Yigal Amir, Yitzhak Rabin's assassin (credit: REUTERS)Yigal Amir, Yitzhak Rabin's assassin (credit: REUTERS)

Around this time of year, many in both the national and the National-Religious camps have felt put on the defensive.

Prime Minister Naftali Bennett was one of those. In a Facebook post last year he wrote that the assassination was one of the reasons he decided to start wearing a kippah again when he was an IDF commander in the Maglan unit, after having taken it off a few years earlier.

From the night Rabin was killed, he wrote that, “There was a tremendous attack against religious Zionists. Every kippah-wearer was accused of murder. The overriding feeling was that those who wore knitted kippot were everywhere, among us, and a danger to the country.”

Bennett wrote that he had almost 100 soldiers who respected him and that the minute he saw the “demonization that was being done to those wearing kippot,” he made the decision to wear his once again.

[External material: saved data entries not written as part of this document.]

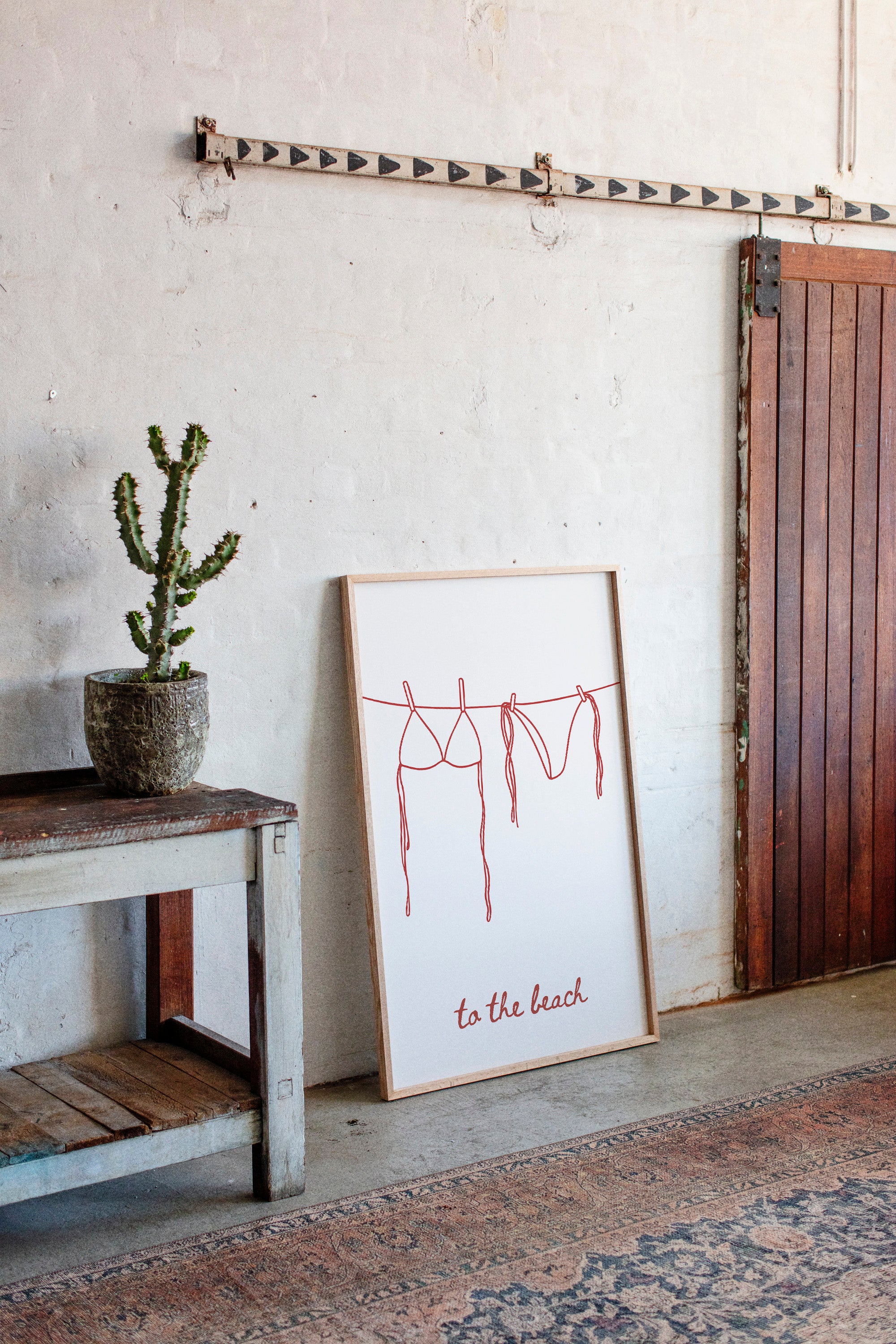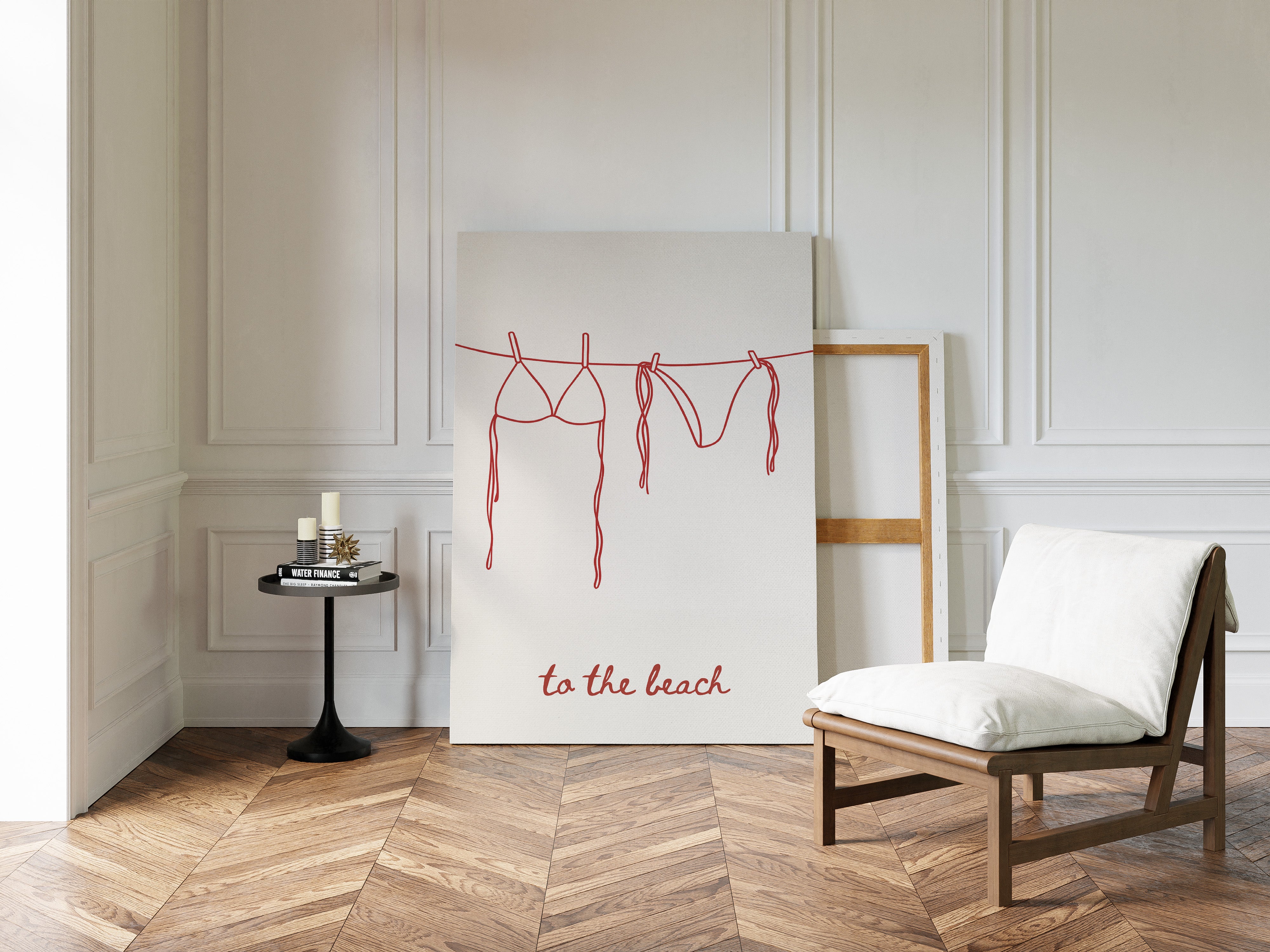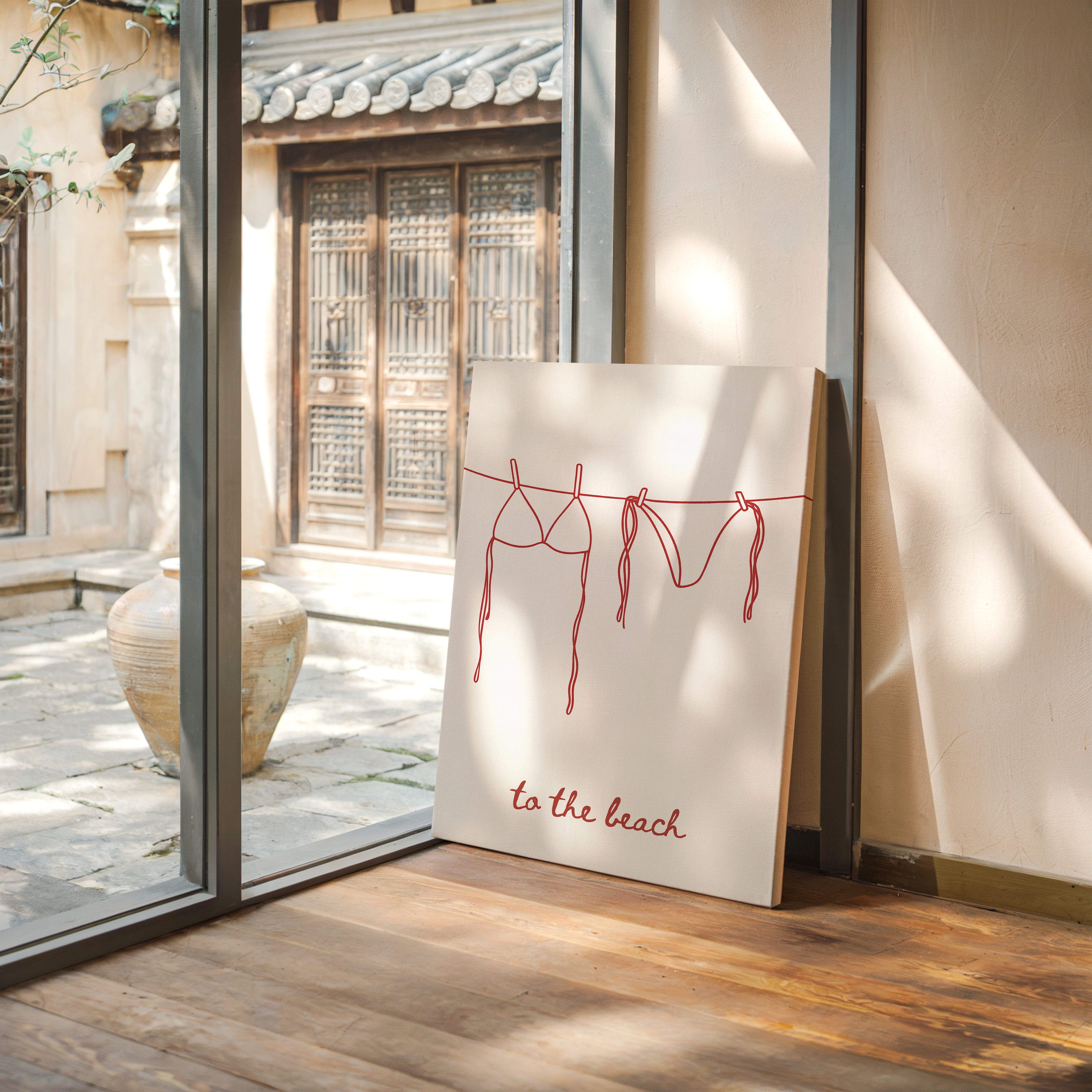 A simple red line drawing captures the essence of carefree beach days, with a bikini and swim bottoms hanging from a clothesline. The minimalist illustration speaks of sun-soaked memories and salty breezes, rendered in confident, continuous strokes. The playful handwritten text ""to the beach"" anchors the composition, adding a touch of whimsy to the clean design. This piece brings a fresh, modern take on coastal living while maintaining an effortless sophistication.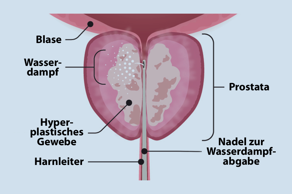Reicht eine medikamentöse Therapie nicht aus, um die Beschwerden angemessen zu verbessern, oder ist eine dauerhafte Medikamenteneinnahme nicht gewünscht, stehen minimal-invasive Methoden zur Verfügung. Diese alternativen Therapieoptionen können eine signifikante Verbesserung der funktionellen Parameter erzielen und stellen eine sichere Alternative zu etablierten operativen Verfahren, wie z. B. der transurethralen Resektion der Prostata (TUR-P), dar.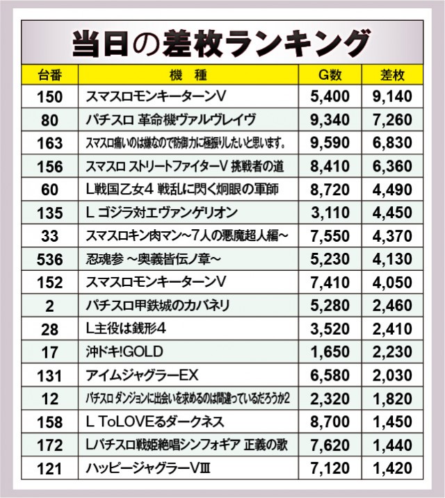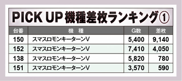 『スマスロモンキーターンV』は全台がプラス差枚数を達成しており、前述したように9,000枚という大きな熱量も見られた。それぞれがしっかりと打ち込まれており、遊技していたファンは満足度の高い1日を過ごせたのではないだろうか。同店としてもしっかりと準備した機種が結果を残し、大いに満足できたはずだ。

 THE DAY commemorating Rabin’s assassination was first imagined as a day that could be a unifying one – as the country, at least on paper, should have been able to unify around the idea that the murder of Rabin was an evil act the likes of which must never occur here again.

But it never turned into that. Rather, for the first quarter-century after the assassination, it was largely a day where one camp – the “Peace Camp” – cast an accusatory finger at another, and also where it tried to delegitimize Benjamin Netanyahu, a man it held partly responsible for the incitement that led to Rabin’s murder, who then inherited his position.

The net result was that this was a day when political points were made, and old wounds revisited and reopened.

For one segment of the country, this was a solemn, almost sacred day; for another, it was a day whose arrival was dreaded.

This year at least the run-up to the Hebrew date of the assassination – which fell on Monday – seemed less acrimonious and less divisive.

In the end the official ceremonies were marred by acrimony, the politicians sparred, but at least in the public square and on the airwaves the malice did not rise to the levels it had previously.

There are a couple of reasons for this. First, the mere passage of time.

Twenty-six years is a long time. Israel’s median age is 30.5, meaning that half the country was either not born or not more than four years old when Rabin was murdered. More than half the country has no personal memory of Rabin, so obviously the emotions over his assassination are not as raw as they once were. Emotions less raw lead to less acrimonious debates.

 MORE SIGNIFICANTLY, however, is that Netanyahu is no longer in power. When he was prime minister, both during his first tenure from 1996-1999 and his second one from 2009-2021, this day was a perfect opportunity to score political points against him: to blame him for incitement. Yes, he was vehemently against the Oslo Accords, but to blame him for incitement to murder is to conflate opposition to a policy with calling for someone’s assassination.

At that infamous rally of some 30,000 people in Jerusalem a month before the assassination, where provocateurs – including one named Avishai Raviv who worked for the Shin Bet and got close to Amir – handed out pictures of Rabin in an SS uniform, Netanyahu held up his hand to quiet the crowd when they chanted “traitor, traitor.”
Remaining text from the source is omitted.